FuncJS
- Original author(s): Sharikul Islam
- Developer(s): Sharikul Islam
- Initial release: November 1, 2012
- Stable release: 1 / February 2013
- Written in: JavaScript
- Size: 4.84 KB zipped / 10.4 KB (uncompressed)
- Type: JavaScript library
- License: Open-source
- Website: funcjs.webege.com

= FuncJS =

Open-source functions only JavaScript library

FuncJS is an open-source functions only JavaScript library that aims to speed up web development time in the JavaScript programming language by providing 22 pre-written functions made available throughout both releases. FuncJS is intended to allow JavaScript programmers to get the basic areas completed quickly, and let them focus on more larger, code-centric areas of development. As of November 2012, FuncJS is a relatively new product and is in version one of its stable release.

==Functions==
In January 2013, FuncJS 2 was released which got rid of many functions, and renamed some functions. However, the new files were uploaded onto GitHub, but it's a temporary action, as according to the repository's README file. Here's the new list, as according to the new documentation:
- echo()
- function_exists()
- strlen()
- strpos()
- str_replace()
- up()
- down()
- store()
- str_rev()
- grab()
- trim()
- count()
- strip_tags()
- show_tags()

==Importing FuncJS to webpages==
FuncJS is available in two versions; minified (compressed) and an uncompressed version, both of which are to be used separately from each other. Similar to other JavaScript libraries, FuncJS can be imported onto a webpage by including it via the "script" HTML tag:

<script src="http://funcjs.webege.com/funcJS-min.js"></script>

According to the documentation, users should make sure FuncJS is loaded and working properly on their webpages by checking whether the browser recognises the FuncJS object:

if (window.funcJS) {
  alert("I'm working!");
} else {
  alert("I'm not working!");
}

Both versions of FuncJS are hosted by FuncJS itself, as demo's suggest that FuncJS is only available through their servers. However, although FuncJS allows users to download a local copy of the file to their own machines, it deeply encourages that users import FuncJS into their webpages through linking it via a URL as "this ensures that you (the user) have any new updates to the file made available to you."

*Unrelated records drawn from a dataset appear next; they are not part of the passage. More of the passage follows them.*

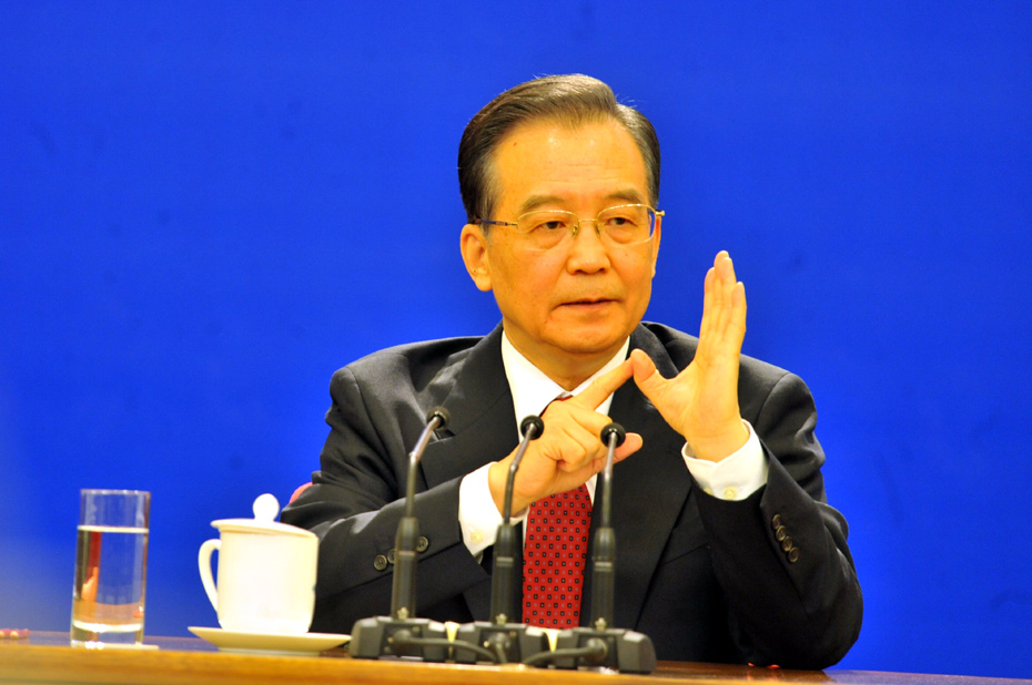 3月14日上午,國務院總理溫家寶在人民大會堂三樓金色大廳與采訪十一屆全國人大三次會議的中外記者見面并回答記者提出的問題。中新社記者 賈國榮 攝 圖片來源:中國新聞網(wǎng)
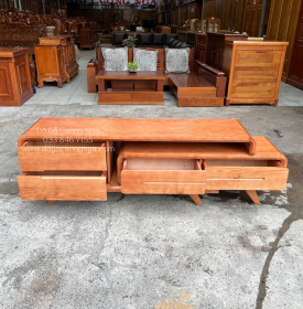 Kệ tivi gỗ thiết kế gồm 2 tầng với 1 ngăn cố định, 1 ngăn có thể kéo dài linh hoạt, với ngăn kệ này người dùng có thể tùy chỉnh để mở rộng thêm diện tích mặt sàn. Tăng kích thước mặt kệ lên tới 76cm, mặt kệ dưới thêm 50cm, vừa có thể để đồ dùng, vừa có thể để phụ kiện trang trí hay các loại đồ dùng phòng khách khác.
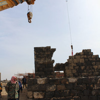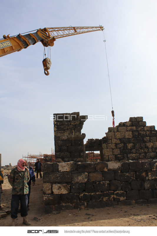 Jordan. Umm al Jimal, crane for restoration activities, visitors

==Using FuncJS in webpages==
Since function's from FuncJS are seen by the browser as regular functions, they would have to be written within "script" tags and would be checked and executed by the browser's JavaScript engine (such as Google Chrome's V8 JavaScript Engine). As seen by the documentation's, function's from FuncJS are designed to fit into normal JavaScript code, therefore not breaking the "flow" of writing JavaScript code. Take this example (from the documentation website):

if (3 < 4) {
  echo("That's correct!");
} else {
  echo("What?!!!");
}

which checks a given condition, and displays text depending on the outcome. As seen by the example, the "echo" function can be considered as a part of JavaScript, similar to PHP.